### [EXERCISE OBJECTIVE]
If a line of the records contains the string "that", copy it out.

### [RECORDS FOR THIS TASK]

::::::::::

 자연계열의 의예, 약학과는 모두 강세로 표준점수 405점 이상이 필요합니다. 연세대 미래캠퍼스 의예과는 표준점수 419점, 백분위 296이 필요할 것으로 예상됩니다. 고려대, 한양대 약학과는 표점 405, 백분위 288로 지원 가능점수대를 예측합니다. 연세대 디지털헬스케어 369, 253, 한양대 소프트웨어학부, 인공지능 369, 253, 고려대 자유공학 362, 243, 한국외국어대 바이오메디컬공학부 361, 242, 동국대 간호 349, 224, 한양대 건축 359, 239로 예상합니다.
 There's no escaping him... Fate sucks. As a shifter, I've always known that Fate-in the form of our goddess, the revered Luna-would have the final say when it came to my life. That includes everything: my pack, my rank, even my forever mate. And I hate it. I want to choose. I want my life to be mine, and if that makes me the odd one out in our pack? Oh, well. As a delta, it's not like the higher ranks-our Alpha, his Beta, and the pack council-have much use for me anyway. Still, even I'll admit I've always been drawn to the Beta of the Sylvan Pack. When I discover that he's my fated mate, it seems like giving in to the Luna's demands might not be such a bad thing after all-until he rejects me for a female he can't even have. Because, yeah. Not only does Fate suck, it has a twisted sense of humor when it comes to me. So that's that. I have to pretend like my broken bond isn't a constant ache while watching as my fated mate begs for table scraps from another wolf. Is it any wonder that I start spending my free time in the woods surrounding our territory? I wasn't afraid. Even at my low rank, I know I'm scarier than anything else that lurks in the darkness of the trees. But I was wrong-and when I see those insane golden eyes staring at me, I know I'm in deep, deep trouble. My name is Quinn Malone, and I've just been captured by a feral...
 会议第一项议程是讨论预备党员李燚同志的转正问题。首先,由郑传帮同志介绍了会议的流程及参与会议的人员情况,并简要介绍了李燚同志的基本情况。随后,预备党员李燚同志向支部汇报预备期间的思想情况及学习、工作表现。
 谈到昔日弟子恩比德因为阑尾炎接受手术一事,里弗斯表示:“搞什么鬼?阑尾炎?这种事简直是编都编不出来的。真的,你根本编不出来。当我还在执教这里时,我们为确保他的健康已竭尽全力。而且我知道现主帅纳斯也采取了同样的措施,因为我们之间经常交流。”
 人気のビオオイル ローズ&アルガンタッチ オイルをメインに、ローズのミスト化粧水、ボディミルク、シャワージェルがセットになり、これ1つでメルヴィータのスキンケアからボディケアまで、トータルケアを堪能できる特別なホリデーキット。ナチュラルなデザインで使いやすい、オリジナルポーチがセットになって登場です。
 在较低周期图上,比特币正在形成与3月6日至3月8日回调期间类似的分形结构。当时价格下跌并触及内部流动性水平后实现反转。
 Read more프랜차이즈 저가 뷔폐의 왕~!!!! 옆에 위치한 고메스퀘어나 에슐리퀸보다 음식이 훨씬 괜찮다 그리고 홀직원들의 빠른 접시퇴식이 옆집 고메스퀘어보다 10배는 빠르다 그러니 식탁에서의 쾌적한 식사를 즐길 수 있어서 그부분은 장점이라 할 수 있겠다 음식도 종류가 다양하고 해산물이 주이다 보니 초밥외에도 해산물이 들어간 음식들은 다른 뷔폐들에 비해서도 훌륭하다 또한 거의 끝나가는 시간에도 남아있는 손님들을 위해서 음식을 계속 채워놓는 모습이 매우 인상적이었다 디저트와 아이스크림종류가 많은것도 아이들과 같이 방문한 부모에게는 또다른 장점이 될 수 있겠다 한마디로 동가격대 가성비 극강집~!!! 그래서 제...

::::::::::

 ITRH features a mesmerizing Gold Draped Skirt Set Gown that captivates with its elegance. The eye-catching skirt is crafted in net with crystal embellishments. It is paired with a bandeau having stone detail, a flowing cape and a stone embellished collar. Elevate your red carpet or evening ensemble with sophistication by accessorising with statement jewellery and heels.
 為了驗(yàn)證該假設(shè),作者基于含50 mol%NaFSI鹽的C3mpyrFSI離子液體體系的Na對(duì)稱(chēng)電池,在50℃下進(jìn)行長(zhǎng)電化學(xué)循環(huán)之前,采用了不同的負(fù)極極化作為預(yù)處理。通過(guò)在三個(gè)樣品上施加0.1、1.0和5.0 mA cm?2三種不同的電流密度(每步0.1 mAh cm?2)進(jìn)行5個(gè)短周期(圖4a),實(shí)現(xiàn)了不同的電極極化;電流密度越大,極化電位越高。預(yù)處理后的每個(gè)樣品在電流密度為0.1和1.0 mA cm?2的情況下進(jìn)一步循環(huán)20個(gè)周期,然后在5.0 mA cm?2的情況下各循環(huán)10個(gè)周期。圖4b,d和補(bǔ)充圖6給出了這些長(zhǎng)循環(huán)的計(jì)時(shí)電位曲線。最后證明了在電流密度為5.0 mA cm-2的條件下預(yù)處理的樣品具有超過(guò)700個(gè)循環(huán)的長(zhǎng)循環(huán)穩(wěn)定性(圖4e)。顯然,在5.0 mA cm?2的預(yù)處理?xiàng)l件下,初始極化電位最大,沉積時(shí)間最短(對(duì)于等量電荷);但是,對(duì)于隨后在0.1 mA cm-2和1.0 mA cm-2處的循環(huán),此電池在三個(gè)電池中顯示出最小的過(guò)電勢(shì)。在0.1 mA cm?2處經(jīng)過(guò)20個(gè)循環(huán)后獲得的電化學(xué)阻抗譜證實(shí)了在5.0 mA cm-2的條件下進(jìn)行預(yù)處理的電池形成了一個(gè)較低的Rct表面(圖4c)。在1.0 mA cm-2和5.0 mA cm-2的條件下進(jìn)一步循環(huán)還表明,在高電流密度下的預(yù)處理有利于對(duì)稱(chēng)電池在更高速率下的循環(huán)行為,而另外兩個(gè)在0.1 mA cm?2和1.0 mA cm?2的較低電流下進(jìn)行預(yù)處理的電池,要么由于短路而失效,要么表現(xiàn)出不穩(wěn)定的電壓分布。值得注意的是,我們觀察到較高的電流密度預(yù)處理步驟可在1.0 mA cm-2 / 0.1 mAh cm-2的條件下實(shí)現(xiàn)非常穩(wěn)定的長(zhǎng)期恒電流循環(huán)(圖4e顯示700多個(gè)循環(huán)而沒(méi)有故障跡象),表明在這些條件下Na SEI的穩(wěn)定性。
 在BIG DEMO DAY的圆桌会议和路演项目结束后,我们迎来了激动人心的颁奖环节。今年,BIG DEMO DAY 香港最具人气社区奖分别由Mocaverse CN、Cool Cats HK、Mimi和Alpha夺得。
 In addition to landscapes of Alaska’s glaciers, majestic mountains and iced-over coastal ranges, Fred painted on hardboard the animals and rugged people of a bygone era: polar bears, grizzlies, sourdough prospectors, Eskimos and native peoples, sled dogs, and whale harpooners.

::::::::::

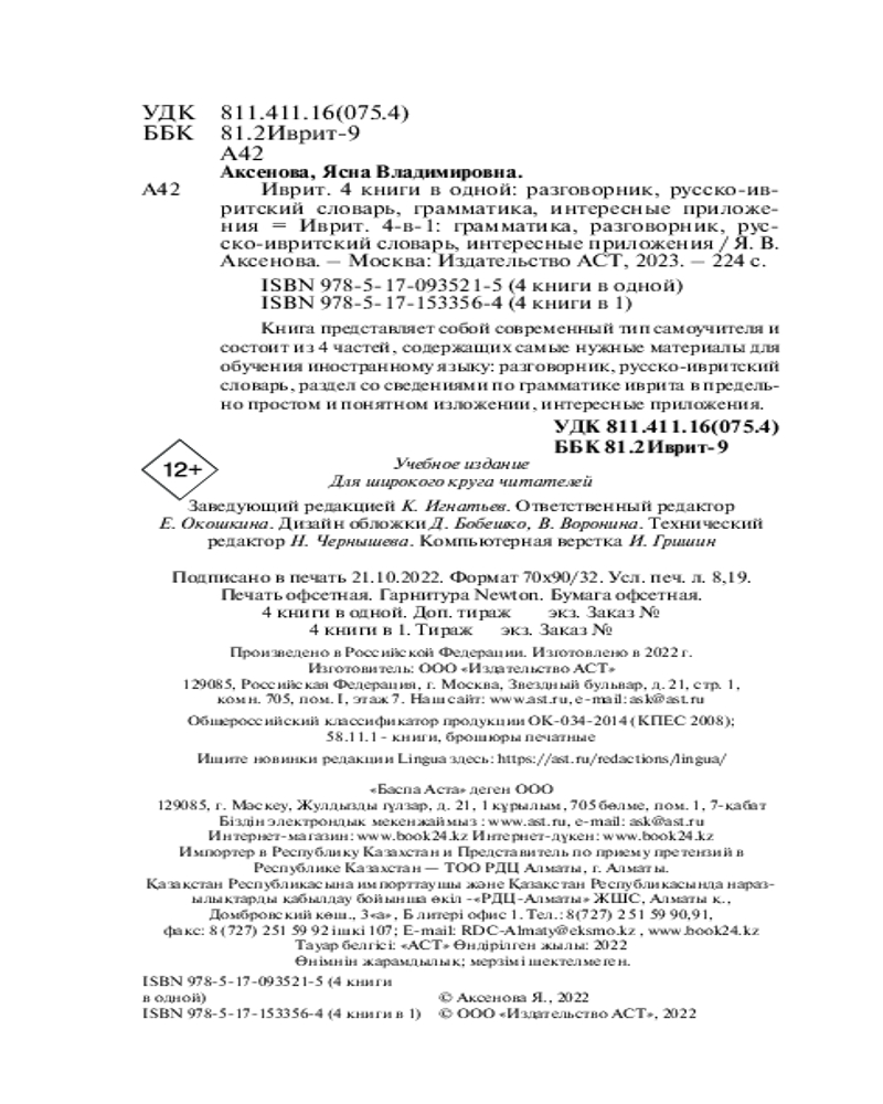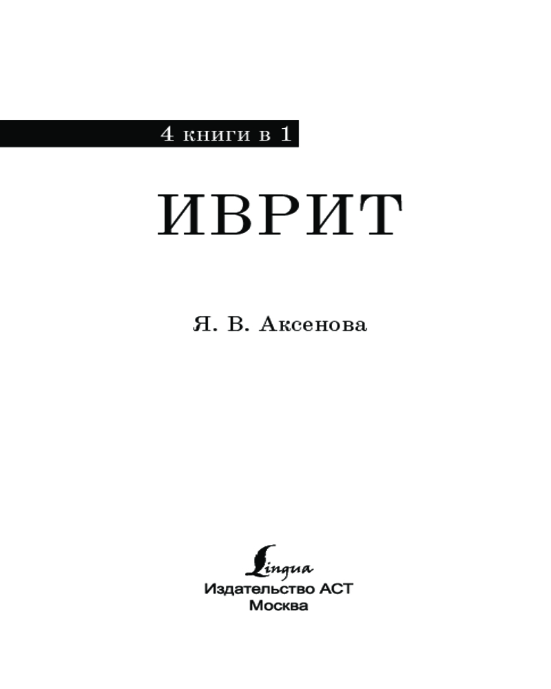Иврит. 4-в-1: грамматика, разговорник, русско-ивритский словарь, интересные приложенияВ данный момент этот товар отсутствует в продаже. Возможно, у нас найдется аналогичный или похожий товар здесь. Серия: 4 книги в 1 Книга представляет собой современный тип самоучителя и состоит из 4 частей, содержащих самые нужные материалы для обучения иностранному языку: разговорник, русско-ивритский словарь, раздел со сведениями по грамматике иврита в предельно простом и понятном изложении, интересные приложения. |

::::::::::

### [RESULT FOR THIS TASK]
 There's no escaping him... Fate sucks. As a shifter, I've always known that Fate-in the form of our goddess, the revered Luna-would have the final say when it came to my life. That includes everything: my pack, my rank, even my forever mate. And I hate it. I want to choose. I want my life to be mine, and if that makes me the odd one out in our pack? Oh, well. As a delta, it's not like the higher ranks-our Alpha, his Beta, and the pack council-have much use for me anyway. Still, even I'll admit I've always been drawn to the Beta of the Sylvan Pack. When I discover that he's my fated mate, it seems like giving in to the Luna's demands might not be such a bad thing after all-until he rejects me for a female he can't even have. Because, yeah. Not only does Fate suck, it has a twisted sense of humor when it comes to me. So that's that. I have to pretend like my broken bond isn't a constant ache while watching as my fated mate begs for table scraps from another wolf. Is it any wonder that I start spending my free time in the woods surrounding our territory? I wasn't afraid. Even at my low rank, I know I'm scarier than anything else that lurks in the darkness of the trees. But I was wrong-and when I see those insane golden eyes staring at me, I know I'm in deep, deep trouble. My name is Quinn Malone, and I've just been captured by a feral...
 ITRH features a mesmerizing Gold Draped Skirt Set Gown that captivates with its elegance. The eye-catching skirt is crafted in net with crystal embellishments. It is paired with a bandeau having stone detail, a flowing cape and a stone embellished collar. Elevate your red carpet or evening ensemble with sophistication by accessorising with statement jewellery and heels.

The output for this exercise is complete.